Who guides
and inspires us

“Charity, vision, unity: a portrait of a founder”
Bishop of Piacenza – Italy, founder of the Congregations of the Missionaries of San Carlo and of the Missionary Sisters of San Carlo Borromeo – Scalabriniane, was born on 8 July 1839 in Fino Mornasco di Como, Italy.
At the age of 18 he entered the seminary, being ordained priest in 1863 and ordained bishop in 1876. During his life, he worked incisively in different realities and pastoral contexts, but it was his involvement in favor of migrants that made his work and his holiness known throughout the world.
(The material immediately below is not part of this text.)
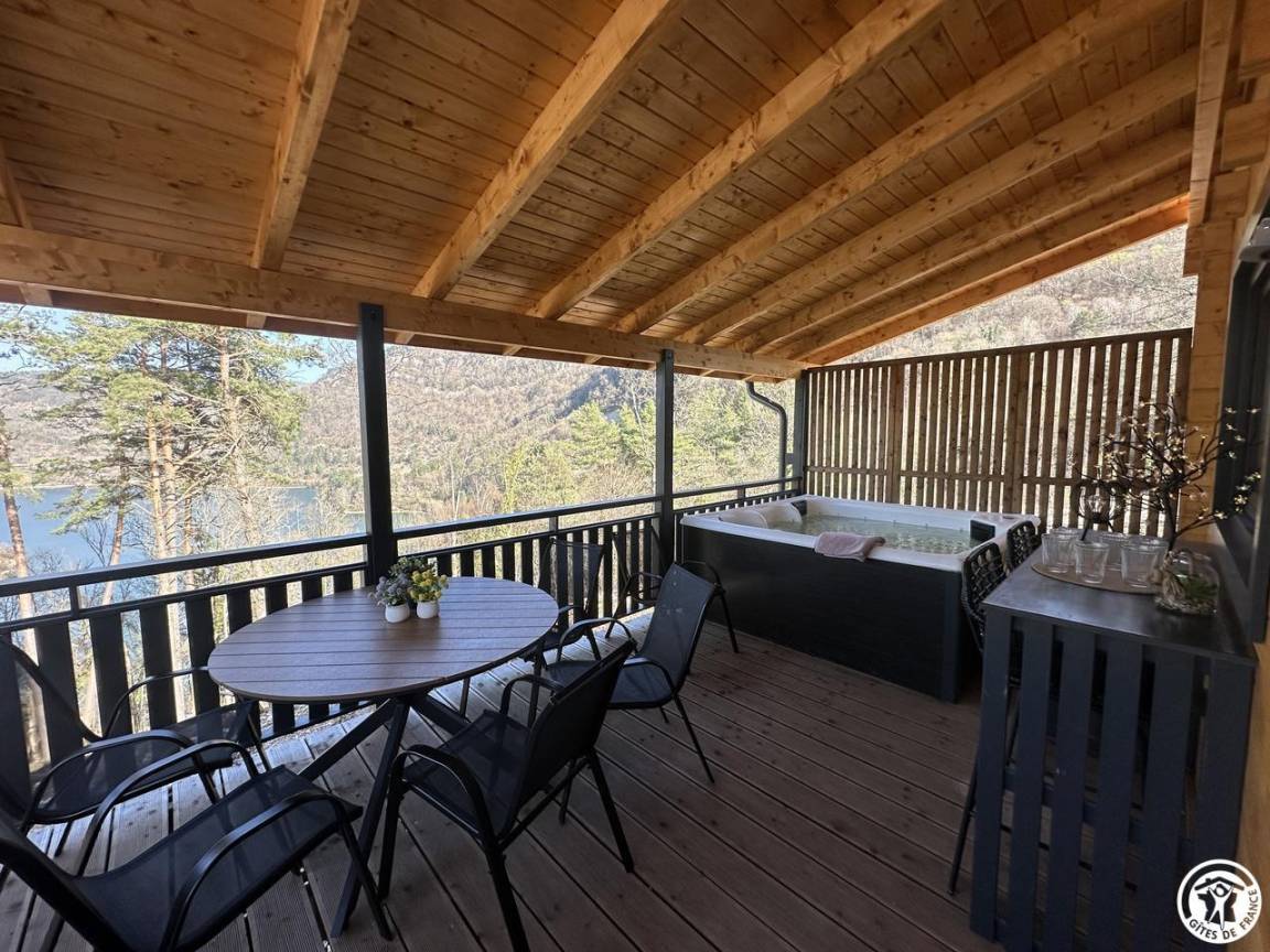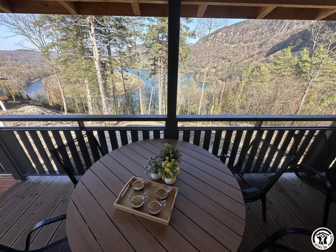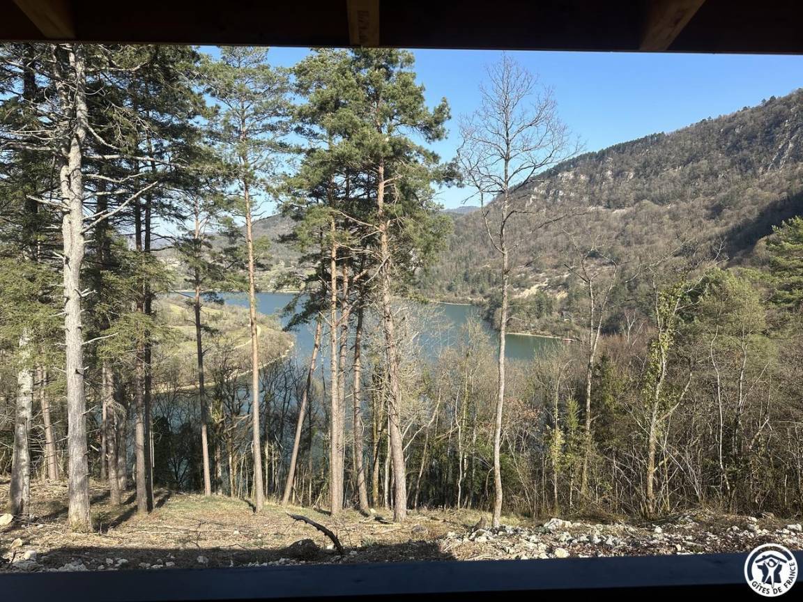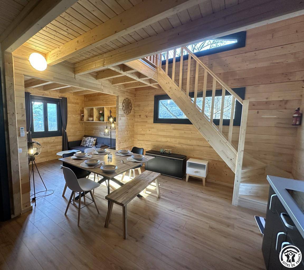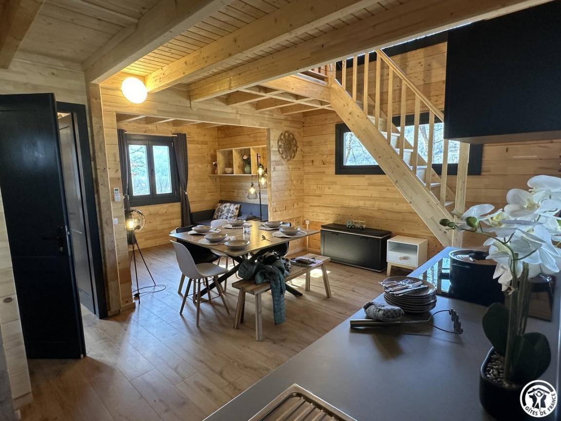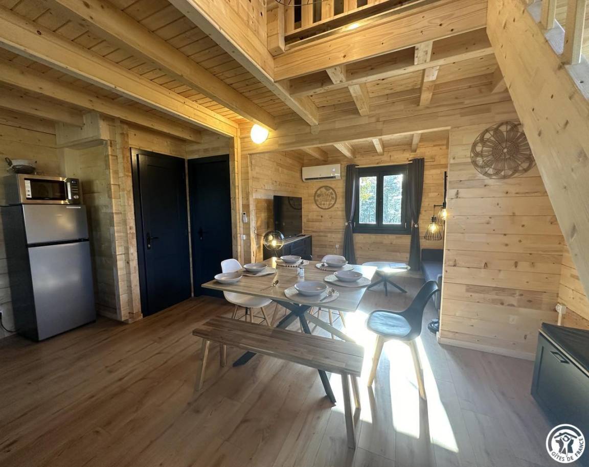 Auf halber Höhe, zentral, zieht diese Lodge die Blicke auf sich, ein 65 m² großes Häuschen auf 2 Ebenen, märchenhaft: Nistkästen, "verdrehte" Fenster, ein ebenerdiger Eingang über einen Gang. Wir öffnen die Tür und das Innere, der Raum, der Komfort, der tiefe Blick auf den Ain, auf eine hölzerne Atmosphäre, machen diese Lodge zu einem einzigartigen Ort. Das 25 m² große Wohnzimmer besteht aus 3 verschiedenen Räumen. Als Verlängerung des Eingangsbereichs endet die Küche mit allem Komfort (2 Cerankochfelder, kleiner Kühlschrank mit Gefrierfach und Mikrowelle) in einer "American Bar", die als Trennung vom Essbereich fungiert. Das Wohnzimmer mit seinen Clubsofas lädt zum Faulenzen ein. Dieser Raum wird durch seine doppelten Erkerfenster auf die 21 m² große Terrasse mit Blick auf die aufgehende Sonne erweitert. Bei schönem Wetter wird die Terrasse bis 14:00 Uhr mit Sonne durchflutet. Es bietet einen der schönsten Panoramablicke auf die Stätte, die sowohl von innen als auch von außen sichtbar

Yet his sensitivity to the drama experienced by migrant families cannot be separated from his attention to all the poor he encountered in the diocese of his time: prisoners, the sick and the deaf and dumb.
For Scalabrini it was the task of the Church to intervene with governments and political groups whenever the interests of the poor were at stake. In the pastoral letter he wrote to the diocese of Piacenza in 1882, he said that it was “necessary to participate in public life, using all lawful means, for the triumph of truth and justice”. This willingness and openness to new social issues led him to approach the drama of migrants and, at the same time, to set out to serve those in need on his way. In a pastoral letter of 1891 that still today spurs us on to missionary activity, he said: “We must leave the temple if we want to exercise a healthy action in the temple!”.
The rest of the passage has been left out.